Your investment in curating files like CLAUDE.md, or procedures as in (7) and scripts (11), is the same as investing in your developer tooling. Would you code without a linter or formatter? Without a language server to correct you and give feedback? Or a type checker? You could, but most would agree that it's not as easy, nor productive.

2. Use the commands

A few useful ones:

  • Plan mode (shift+tab). I find that this increases the reliability of CC. It becomes more capable of seeing a task to completion.

  • Verbose mode (CTRL+R) to see the full context Claude is seeing

  • Bash mode (! prefix) to run a command and add output as context for the next turn

  • Escape to interrupt and double escape to jump back in the conversation history

3. Run multiple instances in parallel

Frontend + backend at the same time is a great approach. Have one instance build the frontend with placeholder/mocked API & iterate on design while another agent codes the backend.

You can use Git worktrees to work on the same codebase with multiple agents. It's honestly more of a pain than gain when you have to spin up multiple Docker Compose environments, so just use a single Claude instance in that kind of project. Or just don't have multiple instances of the project running at the same time.

4. Use subagents

Just ask Claude Code to do so.

A common and useful pattern is to use multiple subagents to approach a problem from multiple angles simultaneously, then have the main agent compare notes and find the best solution with you.

5. Use visuals

Use screenshots (just drag them in). Claude Code is excellent at understanding visual information and can help debug UI issues or replicate designs.

6. Choose Claude 4 Opus

Especially if you're on a higher tier. Why not use the best model available?

Anecdotally, it's a noticeable step up from Claude 4 Sonnet – which is already a good model in itself.

7. Create project-specific slash commands

Put them in .claude/commands.

Examples:

  • Common tasks or instructions

  • Creating migrations

  • Project setup

  • Loading context/instructions

  • Tasks that need repetition with different focus each time

@tokenbender wrote a great guide to their agent-guides setup that shows this practice.

8. Use Extended Thinking

Write think, think harder, or ultrathink for cases requiring more consideration, like debugging, planning, design.

These increase the thinking budget, which gives better results (but takes longer). ultrathink supposedly allocates 31,999 tokens.

9. Document everything

Have Claude Code write its thoughts, current task specifications, designs, requirement specifications, etc. to an intermediate markdown document. This both serves as context later and a scratchpad for now. And it'll be easier for you to verify and help guide the coding process.

Using these documents in later sessions is invaluable. As your sessions grow in length, context is lost. Regain important context by just reading the document again.

10. For the Vibe-Coders

USE GIT. USE IT OFTEN. You can just make Claude write your commit messages. But seriously, version control becomes even more critical when you're moving fast with AI assistance.

11. Optimize your workflow

  • Continue previous sessions to preserve context (use --resume)

  • Use MCP servers (context7, deepwiki, puppeteer, or build your own)

  • Write scripts for common deterministic tasks and have CC maintain them

  • Use the GitHub CLI instead of fetch tools for GitHub context. Don't use fetch tools to retrieve context from GitHub. (Or use an MCP server, but the CLI is better).

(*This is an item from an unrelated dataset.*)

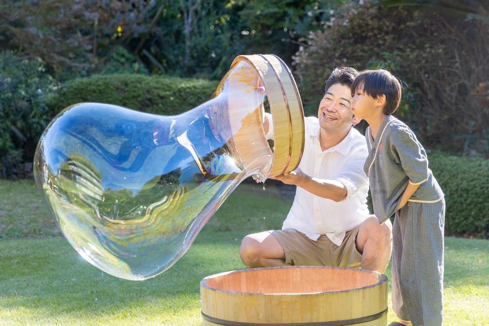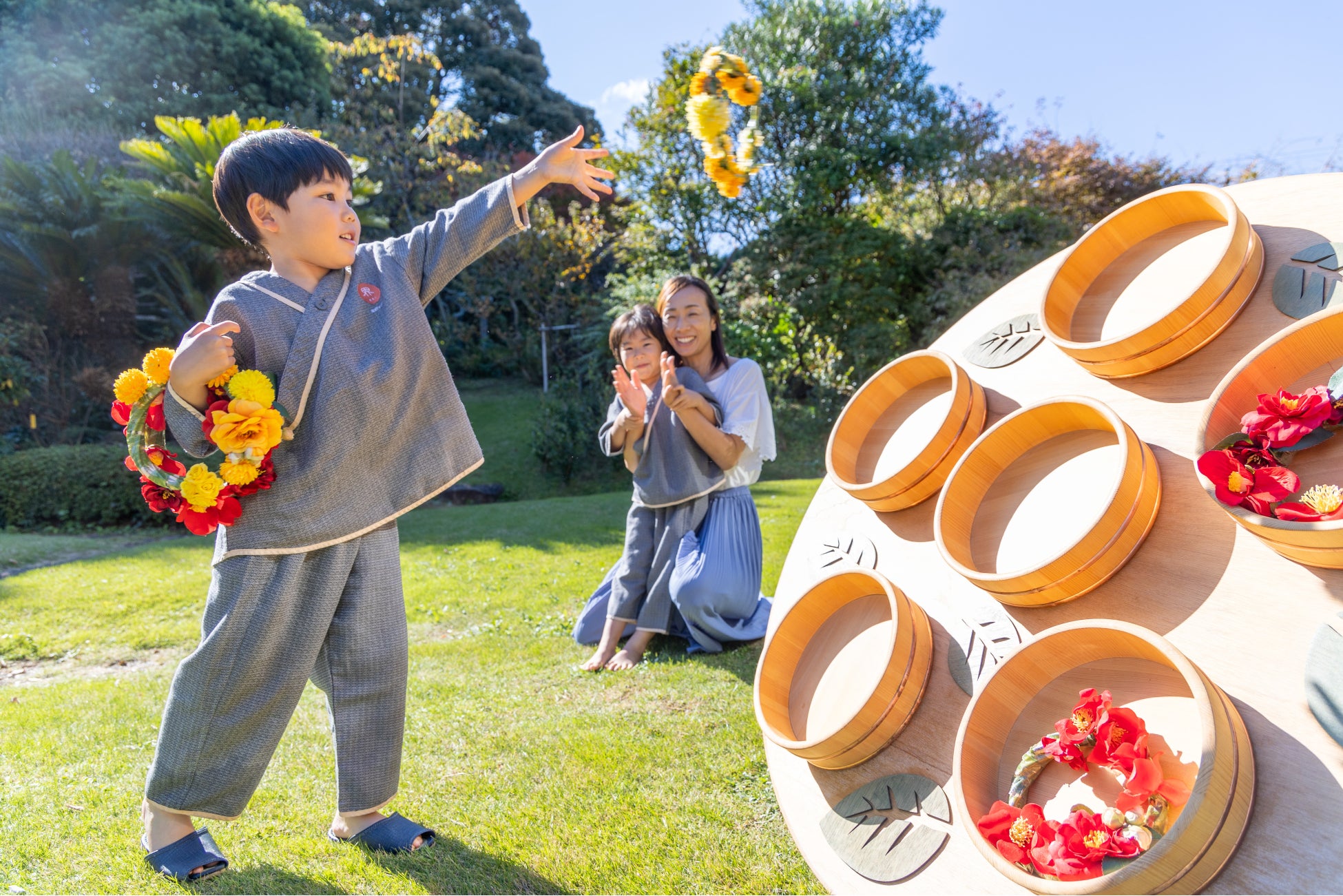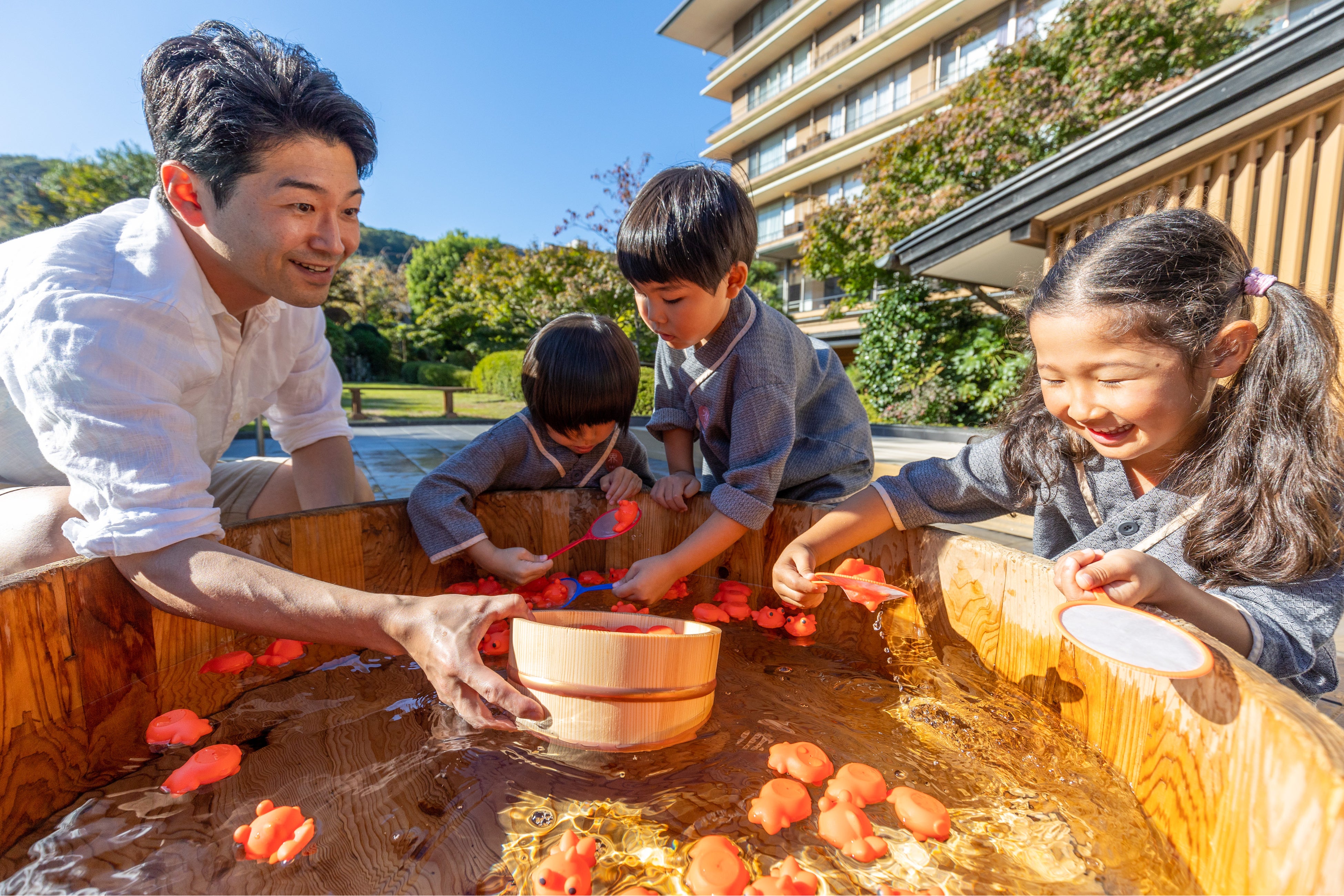 かつて伊東市・松川沿いに並んでいた旅館では、たらいで洗濯をする習慣があり、たらいで川下りの速さを競う「松川タライ乗り競争」という行事は約60年以上続く伊東市の夏の風物詩となりました。界 伊東では地域の伝統にならい、源泉プールでたらいに乗る体験ができます。子供たちが大きなたらいに乗って一生懸命漕ぐ姿は、まるで一寸法師のようで、見守る大人もつい応援に力が入ります。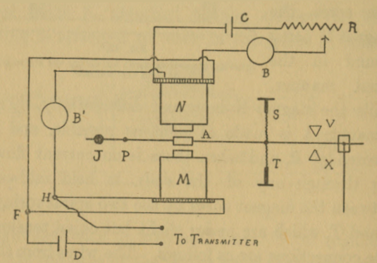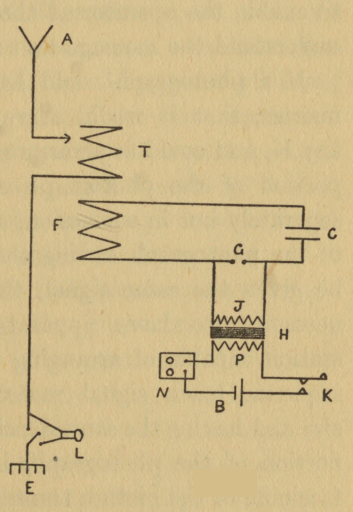 [4] In wireless telegraphy "arcing" is principally caused by the continuation of the supply current in the spark-gap after the capacity has been charged to a potential sufficient to break down the insulation of the gap.

  • Track your usage with ccusage

    • It's more of a fun gimmick if you're on Pro/Max tier – you'll just see what you 'could have' spent if you were using the API.

    • But the live dashboard (bunx ccusage blocks --live) is useful to see if your multiple agents are coming close to hitting your rate limits.

  • Stay up to date via the docs – they're super good

12. Aim for fast feedback loops

Provide a verification mechanism for the model to achieve a fast feedback loop. This usually leads to less reward-hacking, especially when paired with specific instructions and constraints.

Reward hacking: when the AI takes shortcuts to make it look like it succeeded without actually solving the problem. For example, it might hardcode fake outputs or write tests that always pass instead of doing the real work.

13. Use Claude Code in your IDE

The experience becomes more akin to pair-programming, and it gives CC the ability to interact with IDE tools, which is very useful. E.g. access to lint errors, your active file, etc.

14. Queue messages

You can keep sending messages while Claude Code is working, which queues them for the next turn. Useful when you already know what's next.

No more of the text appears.